Measuring test coverage¶
We measure test coverage with bisect_ppx. This tool is used to see which lines in the code source are actually executed when running one or several tests. Importantly, it tells us which parts of the code aren’t tested.
We describe here how bisect_ppx
can be used locally. See below for usage
with CI.
To install bisect_ppx
, run the following command from the root of the
project directory:
make build-dev-deps
The OCaml code should be instrumented in order to generate coverage data. This
has to be specified in dune
files (or dune.inc
for protocols)
on a per-package basis by adding the following line in the library
or executable
stanza.
(preprocess (pps bisect_ppx -- --bisect-file /path/to/tezos.git/_coverage_output))))

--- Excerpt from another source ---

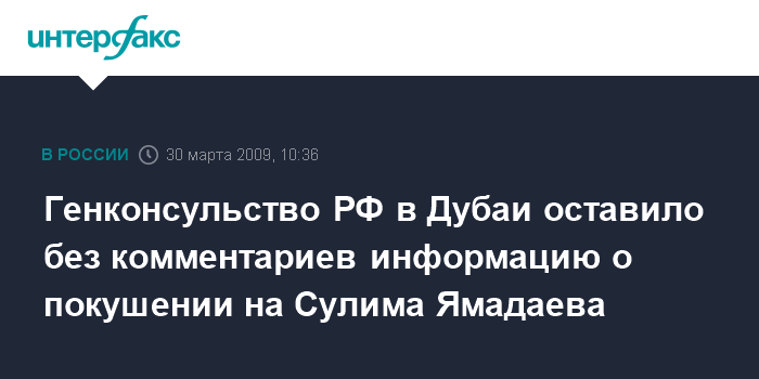 Москва. 30 марта. INTERFAX.RU - Российское генконсульство в Дубаи не комментирует сообщения о возможном покушении на Сулима Ямадаева в этом городе ОАЭ.

At the same time, it tells bisect_ppx
to generate coverage data in the
_coverage_output
directory.
The convenience script ./scripts/instrument_dune_bisect.sh
does
this automatically. For instance,
./scripts/instrument_dune_bisect.sh src/lib_p2p/dune src/proto_alpha/lib_protocol/dune.inc
enables code coverage analysis for lib_p2p
and proto_alpha
.
To instrument all the code in src/
, use:
./scripts/instrument_dune_bisect.sh src/
Then, compile the code using make
, ignoring warnings such as
.merlin generated is inaccurate.
which
are expected.
Finally run any number of tests, and
generate the HTML report from the coverage files using
make coverage-report
The generated report is available in _coverage_report/index.html
. It shows
for each file, which lines have been executed at least once, by at least
one of the tests.
Clean up coverage data (output and report) with:
make coverage-clean
To reset the updated dune
files, you may either use git
:
git checkout -- src/lib_p2p/dune src/proto_alpha/lib_protocol/dune.inc
or use the --remove
option of the instrumentation script:
./scripts/instrument_dune_bisect.sh --remove src/
Known issues¶
Report generation may fail spuriously.
$ make coverage-report 4409 Info: found coverage files in '_coverage_output/' 4410 *** invalid file: '_coverage_output/819770417.coverage' error: "unexpected end of file while reading magic number"

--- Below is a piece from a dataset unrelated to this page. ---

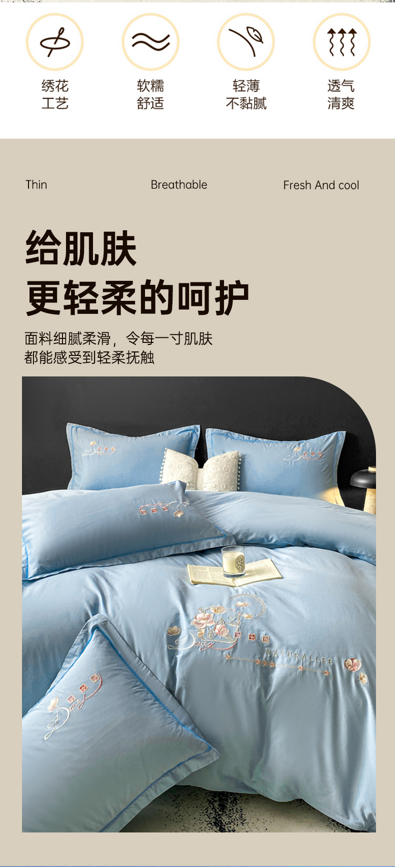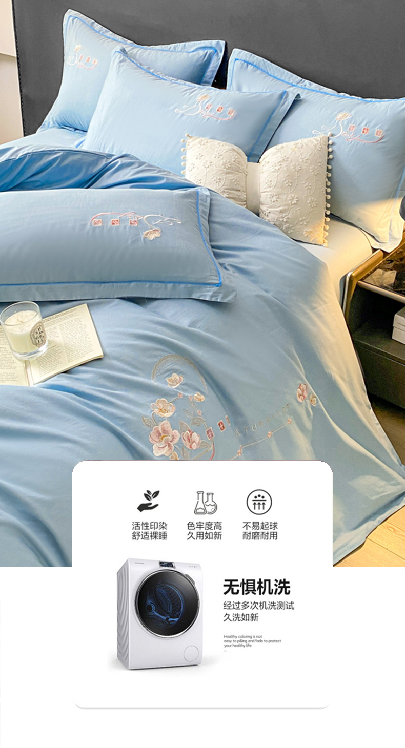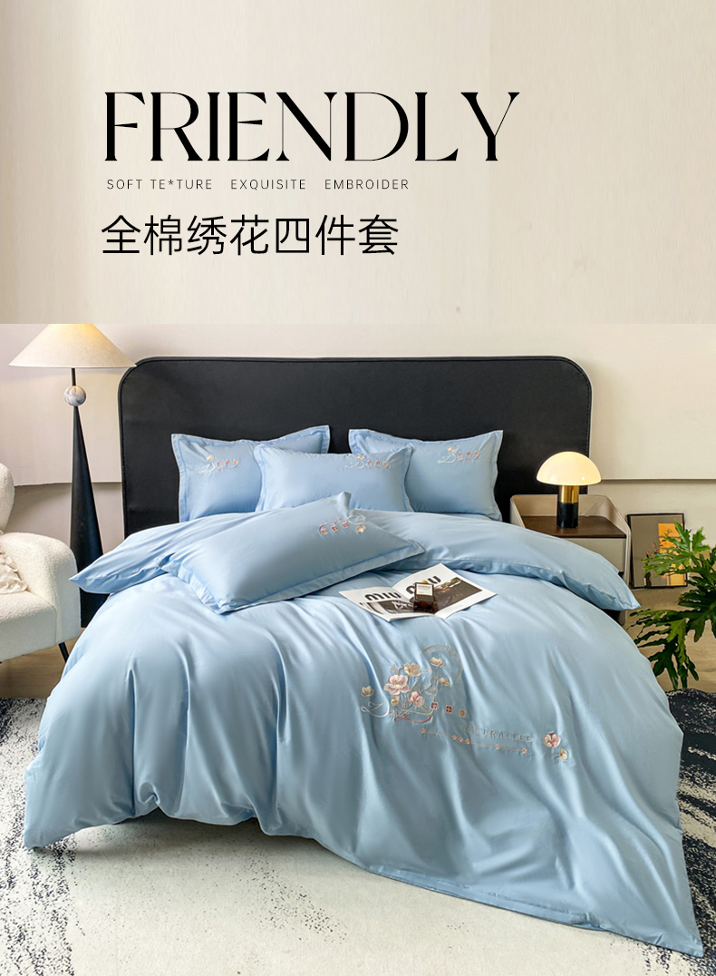 当前位置: 91家纺网 > 商品网购 > 床品套件 > 四件套 > 其它四件套 > 昊翔家纺 【量大价优】2025新款全棉纯棉长绒棉刺绣绣花四件套【配礼盒提供买家秀】 朝花-天空兰

In that case, either delete the problematic files or re-launch the tests and re-generate the report.
Executing tests through the GitLab CI¶
All tests are executed on all branches for each commit. For instances, to see the latest runs of the CI on the master branch, visit this page. Each commit is annotated with a green checkmark icon if the CI passed, and a red cross icon if not. You can click the icon for more details.
By default, the CI runs the tests as a set of independent jobs in the
test
stage. This is to better exploit GitLab runner parallelism: one job
per pytest
test file and one job for each OCaml package containing tests.

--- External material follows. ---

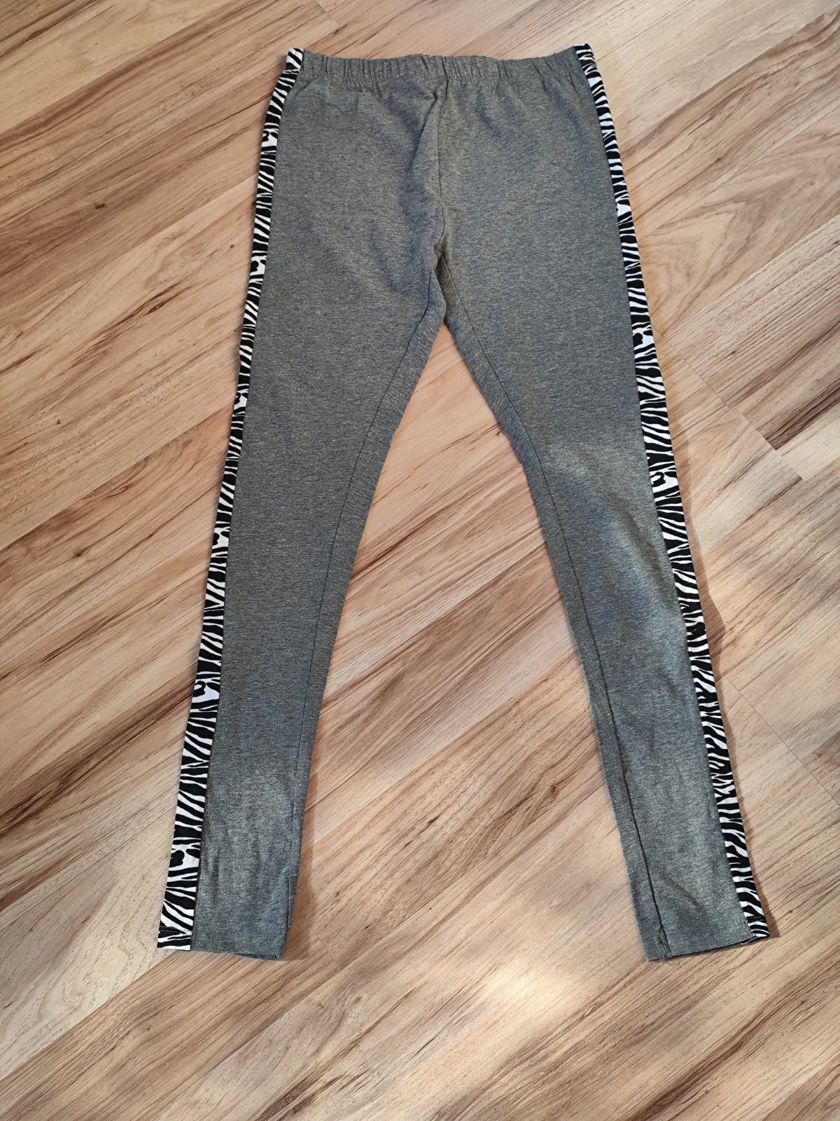 Tenšie legíny, minimálne nosené. Rozšírený strih, dole efektné "vlnkovanie". Rozmery: pás: 2x28cm, dĺžka vonkajšia: 96cm , vnútorná: 72cm. Bez poškodení, v super stave, nevyblednuté. Cena spolu.

This produces a report that is well-integrated with the CI user interface.
When adding a new test that should be run in the CI (which should be the case for most automatic tests), you need to make sure that it is properly specified in the .gitlab-ci.yml file. The procedure for doing this depends on the type of test you’ve added:
- Python integration and regression tests
Run
./scripts/update_integration_test.sh
in Tezos home. This will include your new test in .gitlab-ci.yml.- Tests executed through Dune (Alcotest, Flextesa)
Run
./scripts/update_unit_test.sh
in Tezos home. This will include your new test in .gitlab-ci.yml.- Other
For other types of tests, you need to manually modify the .gitlab-ci.yml. Please refer to the GitLab CI Pipeline Reference. A helpful tool for this task is the CI Lint tool, and
gitlab-runner
, introduced in the next section.
A second way to run the tests is to trigger manually the job
test_coverage
in stage test_coverage
, from the Gitlab CI web interface.
This job simply runs dune build @runtest
in the project directory,
followed by make all
in the directory tests_python
. This is slower
than the previous method, and it is not run by default.
The role of having this extra testing stage is twofold.
It can be launched locally in a container environment (see next section),
it can be used to generate a code coverage report, from the CI.
The report artefact can be downloaded or browsed from the CI page upon completion
of test_coverage
. It can also be published on a publicly available webpage
linked to the gitlab repository. This is done by triggering manually
the pages
job in the publish_coverage
stage, from the Gitlab CI
web interface.
Up to a few minutes after the pages
job is completed, the report is
published at the URL indicated in the log of the pages
job. The actual URL
depends on the names of the GitLab account and project which triggered
the pipeline, as well as on the pipeline number. Examples:
https://nomadic-labs.gitlab.io/tezos/105822404/
,
https://tezos.gitlab.io/tezos/1234822404/
.
Executing the GitLab CI locally¶
GitLab offers the ability to run jobs defined in the .gitlab-ci.yml file on your own machine.
This is helpful to debug the CI pipeline.
For this, you need to setup gitlab-runner
on your machine.
To avoid using outdated versions of the binary, it is recommended to install a
release from the development repository.
gitlab-runner
works with the concept of executor. We recommend to use the
docker
executor to sandbox the environment the job will be executed in. This
supposes that you have docker installed on your machine.
For example, if you want to run the job check_python_linting
which checks the Python syntax, you can use:
gitlab-runner exec docker check_python_linting
Note that the first time you execute a job, it may take a long time because it
requires downloading the docker image, and gitlab-runner
is not verbose on this
subject. For instance, if Tezos’ opam repository has changed, requiring
a refresh of the locally cached docker image.
Local changes must be committed (but not necessarily pushed remotely)
before executing the job locally. Indeed, gitlab-runner
will clone
the head of the current local branch to execute the job.
Another limitation is that only single jobs can be executed using
gitlab-runner
. For instance, there is no direct way of executing all
jobs in the stage test
. However, you can run the test_coverage
job
which runs most tests (alcotest and python tests) in a single job.
gitlab-runner exec docker test_coverage
Conventions¶
Besides implementing tests, it is necessary to comment test files as much as possible to keep a maintainable project for future contributors. As part of this effort, we require that contributors follow this convention:
For each unit test module, add a header that explains the overall goal of the tests in the file (i.e., tested component and nature of the tests). Such header must follow this template, and be added after license:
(** Testing
-------
Component: (component to test, e.g. Shell, Micheline)
Invocation: (command to invoke tests)
Dependencies: (e.g., helper files, optional so this line can be removed)
Subject: (brief description of the test goals)
*)
For each test in the unit test module, the function name shall start with test_ and one must add a small doc comment that explains what the test actually asserts (2-4 lines are enough). These lines should appear at the beginning of each test unit function that is called by e.g.
Alcotest_lwt.test_case
. For instance,
(** Transfer to an unactivated account and then activate it. *)
let test_transfer_to_unactivated_then_activate () =
...
Each file name must be prefixed by
test_
to preserve a uniform directory structure.OCaml comments must be valid
ocamldoc
special comments.